Less than half (37%) of risk professionals say they are prepared to manage risk tied to the next market shock, a new report from Coalition Greenwich has found.
Surveyed risk professionals were nearly split in their responses to feeling either confident or somewhat confident with their risk management processes during normal market conditions.
However, looking at future market shocks, 37% said they are prepared, while the majority (61%) said they were somewhat prepared. Only 2% of surveyed risk professionals said they were not prepared at all.
Confidence in risk management practices plays an important role in the survey’s findings, according to Coalition Greenwich.
In its report, Coalition Greenwich stated that risk professionals on both sides of the market are less confident about the metrics they are using to analyse risk, even in typical market environments.
A large portion of managers are only somewhat confident when measuring value-at-risk (VAR), exposures and liquidity across several asset classes and products.
Looking at the top challenges in risk management processes, the aggregation of all the data necessary for managing the risk of firms’ portfolios was highlighted as the biggest concern (45%); looking at multiple systems to get an overall picture of risk was noted as being another issue (39%); while the complexity and manual nature of building scenarios rounded up the top three biggest challenges in risk management processes (32%).

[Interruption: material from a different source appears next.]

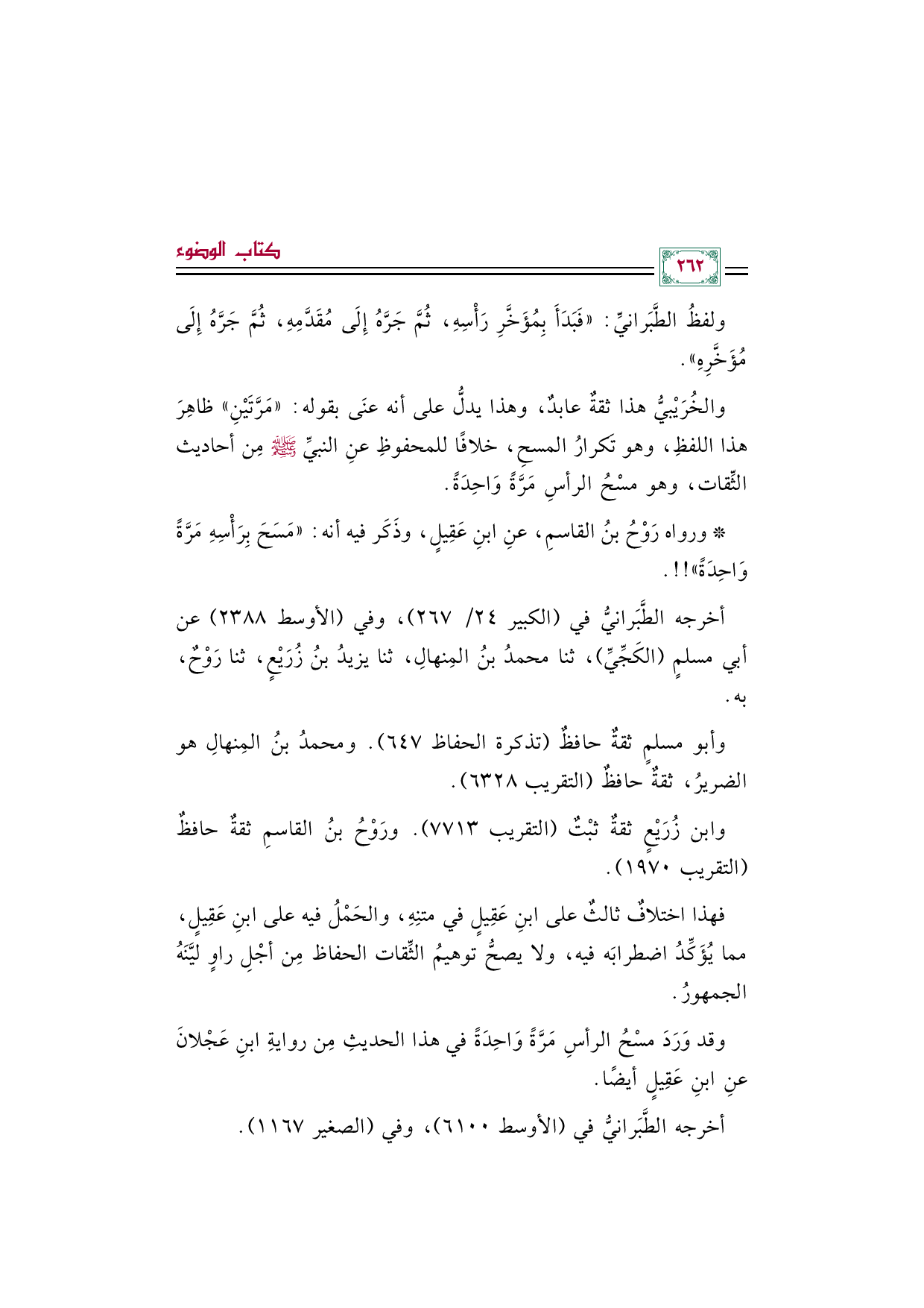 * ورواه رَوْحُ بنُ القاسمِ، عنِ ابنِ عَقِيلٍ، وذَكَر فيه أنه: ((مَسَحَ بِرَأْسِهِ مَرَّةً وَاحِدَةً))! ! .

Professionals who are confident with their risk management practices still struggle to aggregate the necessary data to support comprehensive analysis of risk exposure, due to risk data being siloed and challenging to combine, which ultimately results in inefficiencies, the survey found.
Elsewhere, it was noted that some risk managers still rely on multiple, disparate systems to view risk across all their books, with some instances where they can’t establish a single view of enterprise risk especially for more nuanced asset class exposures.

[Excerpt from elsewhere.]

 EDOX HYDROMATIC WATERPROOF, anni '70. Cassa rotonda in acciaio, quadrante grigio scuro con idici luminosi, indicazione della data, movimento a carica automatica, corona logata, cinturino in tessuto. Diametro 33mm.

The report also highlighted the troublesome and overly complex nature associated with building scenarios which are used to assess a range of future risks.
The survey found that in-house system users struggle more than those using third-party platforms in this respect, perhaps because of the pre-canned tests or stress-testing modules that are often inherent to vendor systems.

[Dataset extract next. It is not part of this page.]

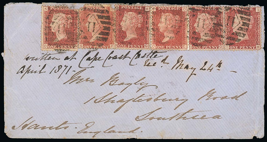 1871 (April) Officer's envelope to Southsea with printed "H.M.S. Rattlesnake" crest on flap, bearing GB 1866-69 1d. red (6) one of which has been removed from another cover and reused (on piece!), each cancelled with "11" in barred oval (G.P.O) cancellation and showing Portsmouth arrival c.d.s. (24.5) on reverse, recipient's notation "written at Cape Coast Castle April 1871, recd May 24th" below adhesives; edges and corners worn, still an unusual and attractive cover. Photo

“Financial service firms are in a race to keep up with the increasing complexity, speed and scope of today’s global marketplace,” said Audrey Costabile, senior analyst at Coalition Greenwich Market Structure and Technology, and author of the report.
“Risk management practices are set to evolve as unforeseen events shape the use of risk management tools and analysis methods. Data is a key element of this shift with managers seeking ways to acquire, aggregate and normalise data to run on larger and more complex datasets.”